- **TASK INSTRUCTIONS**:
From the records below, transcribe only the lines running from the one with "以人民币计,2024年1-1" through the one with "奥义:相比5-6级技能的伤害". Keep both of those end lines.
▶
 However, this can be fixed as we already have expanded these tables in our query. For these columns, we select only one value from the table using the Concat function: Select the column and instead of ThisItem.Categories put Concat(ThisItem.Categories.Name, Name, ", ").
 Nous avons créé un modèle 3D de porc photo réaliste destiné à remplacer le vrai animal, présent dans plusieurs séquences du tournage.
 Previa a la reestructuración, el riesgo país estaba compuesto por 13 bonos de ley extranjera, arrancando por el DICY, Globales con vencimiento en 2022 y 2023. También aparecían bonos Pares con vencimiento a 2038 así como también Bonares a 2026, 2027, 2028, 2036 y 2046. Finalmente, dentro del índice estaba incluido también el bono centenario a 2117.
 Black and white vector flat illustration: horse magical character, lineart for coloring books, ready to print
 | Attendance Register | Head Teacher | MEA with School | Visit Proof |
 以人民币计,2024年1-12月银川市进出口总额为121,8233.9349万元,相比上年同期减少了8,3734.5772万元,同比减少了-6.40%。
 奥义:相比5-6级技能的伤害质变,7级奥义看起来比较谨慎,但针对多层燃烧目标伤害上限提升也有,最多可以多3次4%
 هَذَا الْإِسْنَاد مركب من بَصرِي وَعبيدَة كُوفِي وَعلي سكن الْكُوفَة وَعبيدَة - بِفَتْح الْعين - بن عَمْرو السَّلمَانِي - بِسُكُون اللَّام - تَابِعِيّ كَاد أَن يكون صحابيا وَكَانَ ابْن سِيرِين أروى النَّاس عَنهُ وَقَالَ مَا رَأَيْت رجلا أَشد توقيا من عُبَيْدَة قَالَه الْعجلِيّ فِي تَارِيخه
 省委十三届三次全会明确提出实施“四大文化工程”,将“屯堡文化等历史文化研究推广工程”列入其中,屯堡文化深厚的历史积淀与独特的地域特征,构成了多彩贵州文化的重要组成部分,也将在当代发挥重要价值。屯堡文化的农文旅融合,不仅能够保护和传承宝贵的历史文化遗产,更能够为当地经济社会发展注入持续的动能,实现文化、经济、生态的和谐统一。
◀
- **WORKED SOLUTION**:
 以人民币计,2024年1-12月银川市进出口总额为121,8233.9349万元,相比上年同期减少了8,3734.5772万元,同比减少了-6.40%。
 奥义:相比5-6级技能的伤害质变,7级奥义看起来比较谨慎,但针对多层燃烧目标伤害上限提升也有,最多可以多3次4%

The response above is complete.